Baseball’s in-game use of wearable technology arrives as MLB and the union have agreed on a basic set of rules around use of the biometric data. Player participation is fully voluntary, and access to the data is the same for both the individual player and their respective team. Teams do not receive information on players not on their own club. Access to the data is only allowed before and after games, and not during. The analytics companies do not hold any rights to the data. And any commercial use of the data, such as during a game broadcast or as part of a marketing campaign, must require approval from each involved party.
There have been some steps in this latter direction, notably by Zepp Labs, whose bat sensors and analytics system allow users to compare their own swings to those of major league stars and endorsers such as Los Angeles Angels outfielder Mike Trout and Miami Marlins outfielder Giancarlo Stanton. Such commercial applications have been rare to date, though, and it is easy with detailed data such as this to veer beyond anything that would be broadly accessible to a general fan base.
Physiological data from wearables also represents a more sensitive area, and though not covered by the Health Insurance Portability and Accountability Act (HIPAA) does veer closer to federal rules that prevent patients’ medical information from being shared without their consent. In the NBA, concerns among players having their own biometric information being used against them helped lead to a specific ban on wearable data being used in contract negotiations.
Because of those concerns, many of the participating analytics companies have taken steps to create data safeguards and options for players and teams to customize the types of information generated and shared.
“We actually have 27 layers of privacy settings between sharing everything and sharing nothing,” said Will Ahmed, founder and chief executive of Boston-based Whoop. “It can’t just be a binary thing, because privacy isn’t binary. But ultimately, what we’re looking to do is help athletes have longer, healthier and more productive careers.”
At baseball’s winter meetings last December, Whoop released the findings of a study involving 230 minor league players, touted as one of the largest studies of its type ever in the sport. The company found direct correlations between diminished recovery periods and player injuries, and that it typically took two days after travel for players to recover to normal, pre-travel body standards. Increased recovery times also corresponded directly to higher fastball velocities for pitchers, and higher exit velocities for hitters.
The findings were generally consistent with an increased focus around the sports industry on the importance of rest for high-level athletes.

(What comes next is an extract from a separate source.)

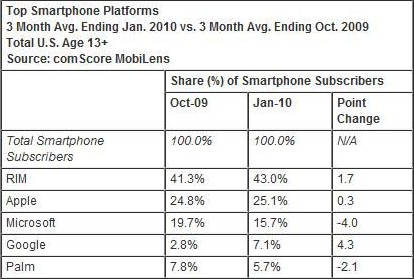 comScore報告顯示智能機RIM市占額達43%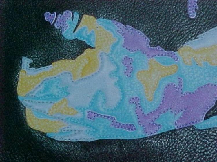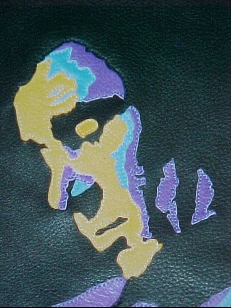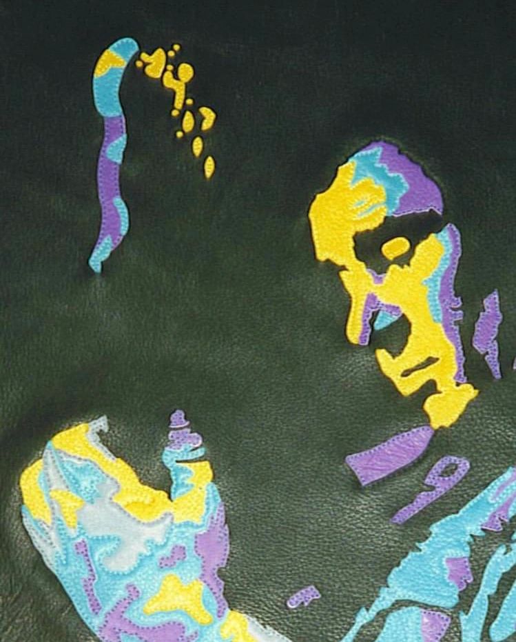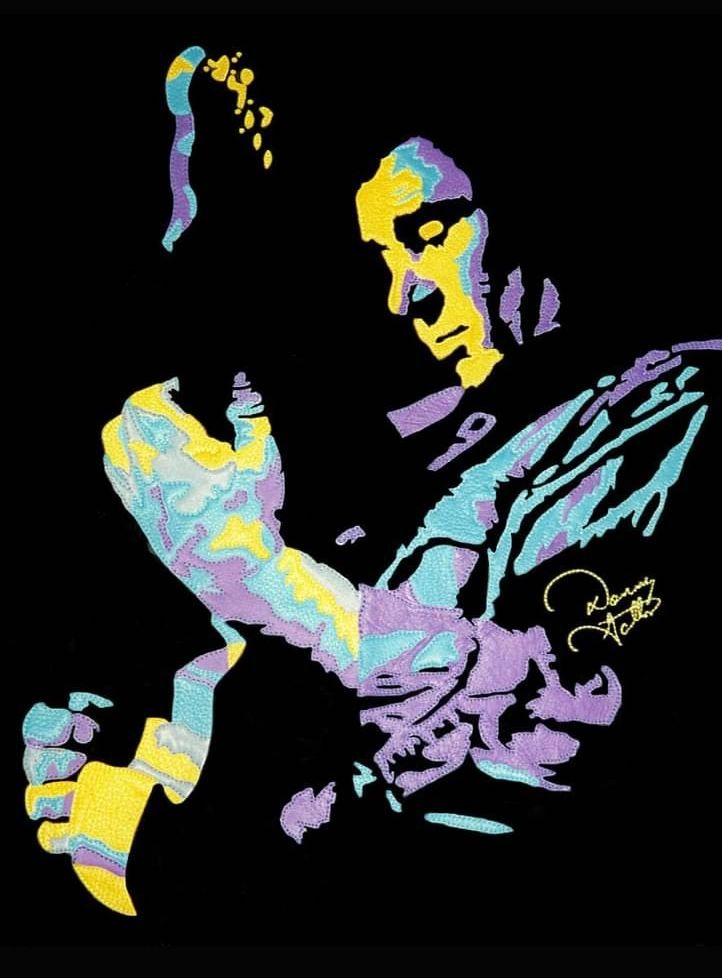 When our friend Mac Wilson asked us to consider donating a portrait for a benefit he was producing, we had no idea that the result would end up being so meaningful, but this piece really moved us. Danny Gatton - Master Musician. You've heard of the Telecaster? This man was known as the TELEMASTER! He was a virtuoso of string instruments before becoming a teenager. Danny was known for his incredible versatility and unique style of blending genres, breaking traditional boundries. He was admired by many guitar players and is still revered as one of the best who ever lived. Unfortunately, we lost him too soon. The image comes from a photograph of him performing at The Birchmere in 1990, a favorite of Danny's wife. Our initial thought was to use shades of grey to give a black and white appearance. Then we heard his music and chose the most intense colors we had! Suspended between two panes of glass, Danny is constructed almost entirely from deerskin - 115 fluidic pieces, accented with his signature in stitching. The first one was auctioned to benefit his daughter's education. The second one was commissioned by his Mother.

Beyond player concerns over the use and security of biometric data, there is also some skepticism around the sport that the various sensor designs are still too bulky, heavy or obtrusive to produce meaningful data. And industry sources said the in-game participation among MLB players last year with the Motus or Zephyr devices was minimal, perhaps amounting to no more than a few dozen players.
And much like many other analytics systems, much more data and time are needed for wearable technologies in baseball to build up truly meaningful context. Similarly, MLB Advanced Media this season is expanding its radar and optical tracking-based Statcast system with the introduction of hit and catch probabilities on batted balls. But those new offerings required three years of development work, and the tracking and analysis of more than 328,000 balls in play over the last two seasons.
“You need to have a baseline in place to be able to know if you’re deviating off of that, so that’s the first step we’re looking to establish,” Kopp said.
Approval of the four analytics companies for in-game use, though overseen by the league and union to check for issues such as player safety, is driven initially by individual teams and their desire to use the various products. The companies involved typically receive hardware and software fees for the devices and analytics, with Whoop for example charging $1,200 per player, per year.